Directors are key players in a company. They are in charge of decision making, compliance, and business development. But sometimes a director resigns or is removed. There are finally rules prescribed under Companies Act 2013 for both scenarios. Awareness of these legal guidelines helps in compliance as well as smooth transitions.
At Mind Your Tax, we help businesses navigate legal processes at ease. If you are a director who is considering resigning, or a company concerned about how to remove a director, this guide will outline the process.
A director can resign on their own accord for personal, professional or ethical reasons. Companies Act 2013 lays down a uniform procedure for Resignation.
The director needs to submit a resignation letter to the board. It must mention the reason behind resigning and the date on which the resignation comes into effect.
The board mentions the resignation and notes it in the meeting minutes.
The Director resigning from the company has to file Form DIR-11 within 30 days. The ROC is notified of this resignation. The company is also required to file Form DIR-12 to update its records.
The resignation must be made public in the next report of the Board of Directors, and statutory registration must be updated.

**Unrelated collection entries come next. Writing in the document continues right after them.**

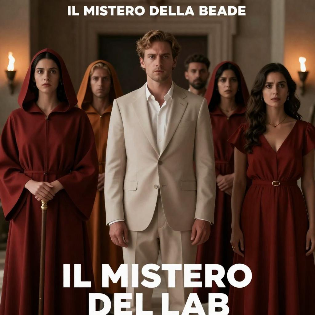 Movie poster of "Il Mistero della Piramide" featuring a group of people in a dimly lit room. Centered man in light-colored suit, others in red and orange robes with hoods. Man on left holding staff, woman on right in red dress. Facial expressions range from serious to concerned. Torches in background.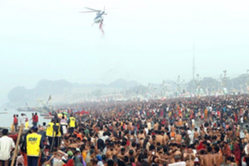 Mahakumbh Nagar, Feb 26 (IANS) On the auspicious occasion of Maha Shivratri, 20 quintals of rose petals were showered on millions of devotees at the Maha Kumbh 2025 on Wednesday, as they gathered at the Sangam in Prayagraj to take part in the final holy dip of the ongoing religious festival.
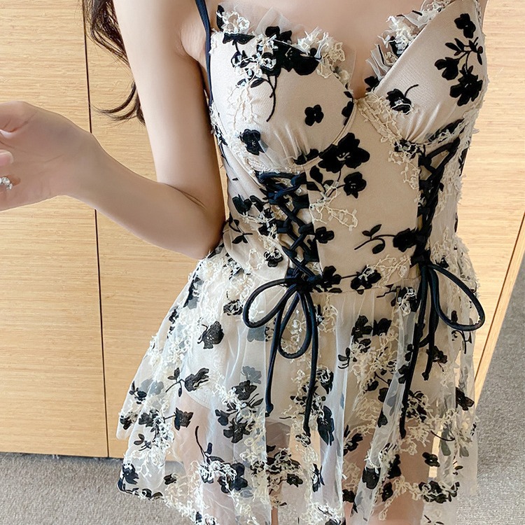 暗黑赫本风分割收腰吊带小黑裙小众高级感美背蓬蓬长裙新款潮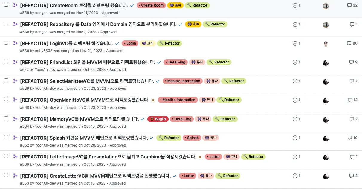 현재는 MVVM 구조에 Combine를 사용해서 비동기 이벤트 처리를 하고 있습니다. 이전에 Delegate를 사용해서 개발한 코드보다 이해하기 쉽고 간결한 코드가 되었습니다. 요즘 디버깅하면서 이전보다 문제 위치를 훨씬 빨리 찾아낸다는 걸 많이 느낍니다. 또한, 리팩토링하면서 동일한 컨벤션으로 전체적인 코드를 정리했는데, 코드 이해 속도가 많이 빨라졌다는 생각이 듭니다.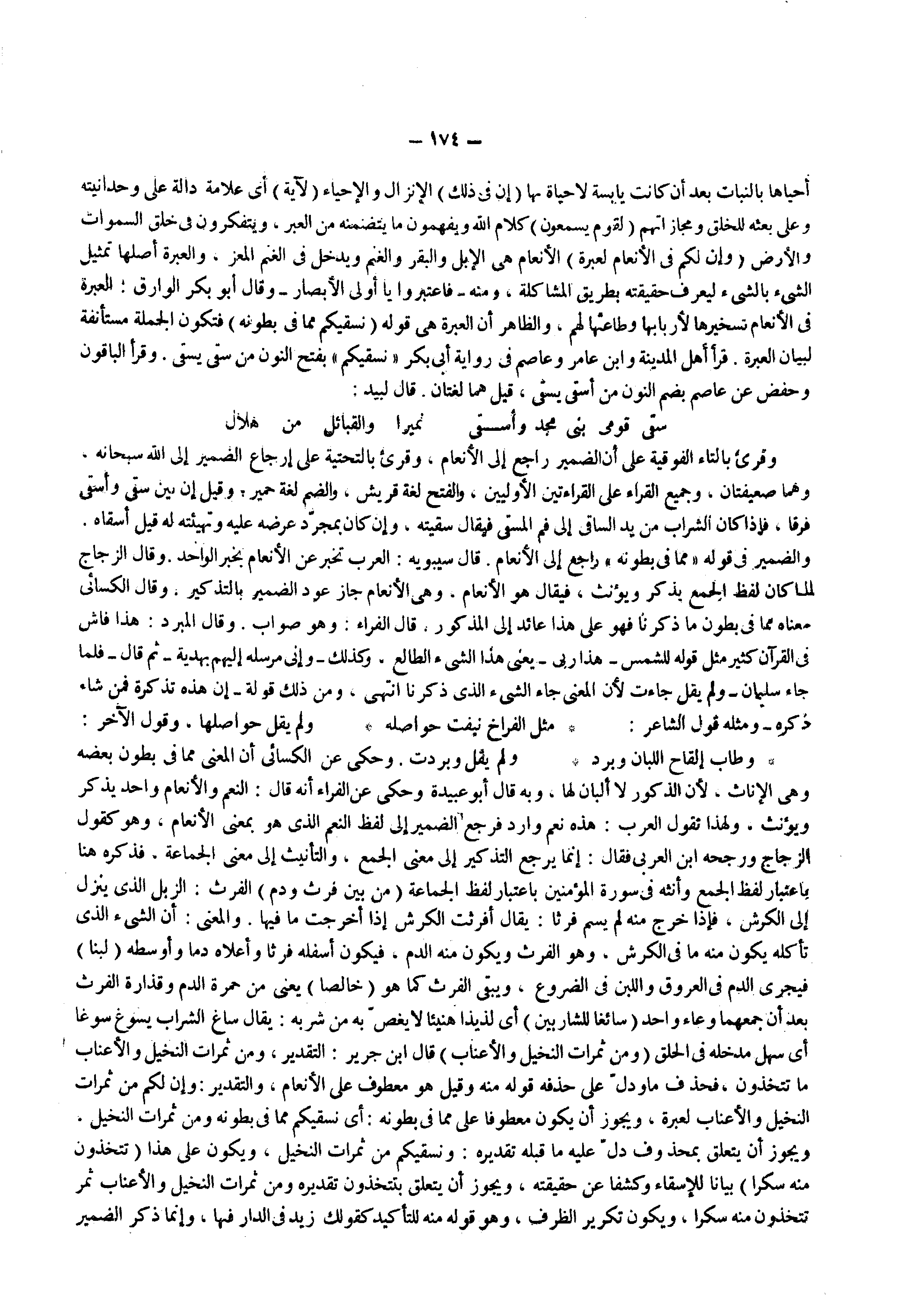 ) وإن لكم في الأنعام لعبرة ( الأنعام هى الإبل والبقر والغنم ويدخل فى الغنم المعز والعبرة أصلها تمثيل الشيء بالشيء ليعرف حقيقته بطريق المشاكلة ومنه ) فاعتبروا يا أولي الأبصار ( وقال أبو بكر الوارق العبرة فى الأنعام تسخيرها لأربابها وطاعتها لهم والظاهر أن العبرة هى قوله ) نسقيكم مما في بطونه ( فتكون الجملة مستأنفة لبيان العبرة قرأ أهل المدينة وابن عامر وعاصم فى رواية أبى بكر نسقيكم بفتح النون من سقى يسقى وقرأ الباقون وحفص عن عاصم بضم النون من أسقى يسقى قيل هما لغتان قال لبيد سقى قومى بنى مجد وأسقى

After these steps are taken, the director’s duties are officially done. But they are still responsible for decisions taken while they were in power.
Directors are responsible for any misconduct or non-compliance in their function.
This means that if the company does not file DIR-12, though the resignation is valid but the director may have to prove the same in the event of litigation.
In listed companies, departing directors are required to disclose pending obligations.
Such removal may be necessary due to a director's misconduct, failure to perform, or legal disqualification. The procedure is given in the Companies Act 2013.
Failure to Attend Board Meetings: (Twelve month may absent without leave from the board meeting is deemed to have vacated their office, by the board of directors.)
Decision By Board or Resolution By Shareholders: If a director is found to be unfit by the board or shareholders, removal proceedings may be initiated.
Board Meeting and Special Notice: A special notice as per the provisions of Section 169 of the Companies Act should be served by the shareholders or the board.
Votes: Shareholders vote on the resolution. With a simple majority vote, that makes the director OUT.
One who is removed as director cannot sue for wrongful termination unless he has a contract saying otherwise.
Re-appointment of directors disqualified under Section 164 for five years in all company.
Resignation is voluntary; removal is at the direction of the company.
A resigned director could join another company anytime, but removed directors could see their wings clipped.
Failure to establish a resignation or removal process can have legal consequences. Once again, companies and directors should ensure that these documents are victory. If no intimation is sent to ROC, it has consequences for penalty and governance.
At Mind Your Tax, our experts will help you with everything from director resignations and removals, compliance and more. Everything related to Company registration in Bangalore and other related works, we are here for you.
Head to Mind Your Tax, the best CA firm in Bangalore, for professional advice to have a clear legacle transition in your company leadership.